Protein im Familienalltag – oft unterschätzt
Gerade für wachsende Kinder ist eine ausreichende Proteinzufuhr essenziell. Die EFSA setzt den Referenzwert für Erwachsene bei 0,83 g Protein pro Kilogramm Körpergewicht pro Tag an; bei Kindern liegt der Bedarf je nach Alter höher. Hülsenfrüchte, Milchprodukte, Eier und Fisch sind klassische Quellen.
Doch was, wenn morgens die Zeit fehlt? Für Eltern, die zwischen Brotdosen-Packen und dem eigenen Arbeitsbeginn kaum dazu kommen, etwas Vernünftiges zu essen, kann ein Herbalife Formula 1 Shake in Schokolade eine praktische Ergänzung sein – in wenigen Minuten zubereitet, mit Sojaprotein, Vitaminen und Mineralstoffen. Nicht als Ersatz für eine abwechslungsreiche Ernährung, aber als Lösung an hektischen Morgen.
Und für den Energieschub am Nachmittag, wenn das Mittagessen längst verdaut ist und die Kinder noch zum Training gefahren werden müssen, kann eine Tasse Herbalife Kräutertee Original eine angenehme Abwechslung zum dritten Kaffee sein.

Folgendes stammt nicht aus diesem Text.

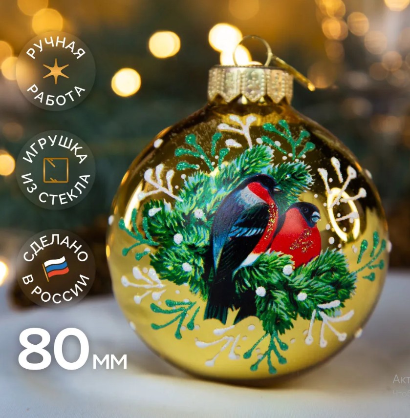 Шар "Красногрудые снегири", 80 мм., в подарочной упаковке

Snacking bewusst gestalten
Was zwischen den Hauptmahlzeiten passiert, ist oft entscheidender als die Mahlzeiten selbst. Nüsse, Früchte, Naturjoghurt oder ein Stück Vollkornbrot mit Hüttenkäse – das sind Snacks, die satt machen, statt nur kurzfristig den Blutzucker in die Höhe zu treiben. Wer diese griffbereit im Kühlschrank hat, greift seltener zur Schoggi-Schublade.
Kinder einbeziehen, statt zu belehren
Haben Sie schon einmal beobachtet, wie Kinder auf ein «Du musst das essen, das ist gesund» reagieren? Genau. Widerstand.
Effektiver ist es, Wahlmöglichkeiten zu geben: «Möchtest du Broccoli oder Blumenkohl zum Reis?» Beide Optionen sind nährstoffreich – aber das Kind hat das Gefühl, mitzuentscheiden. Dieser kleine Unterschied verändert die Dynamik am Esstisch grundlegend.
Auch das gemeinsame Einkaufen auf dem Wochenmarkt oder ein Besuch beim Hofladen kann Kinder für Lebensmittel begeistern. Wer weiss, woher die Karotte kommt, isst sie eher als jene aus der Plastikverpackung. Mehr Ideen rund um eine ausgewogene Ernährung im Alltag finden Sie bei uns im Shop.
Gesund essen im Familienalltag ist kein Projekt mit Startdatum und Deadline. Es ist eine Reihe kleiner Entscheidungen, jeden Tag aufs Neue – manchmal besser, manchmal pragmatischer. Und das ist völlig in Ordnung. Fangen Sie mit einer einzigen Veränderung an: dem gemeinsamen Abendessen, der Gemüseschale auf dem Tisch, dem besseren Frühstück. Der Rest ergibt sich.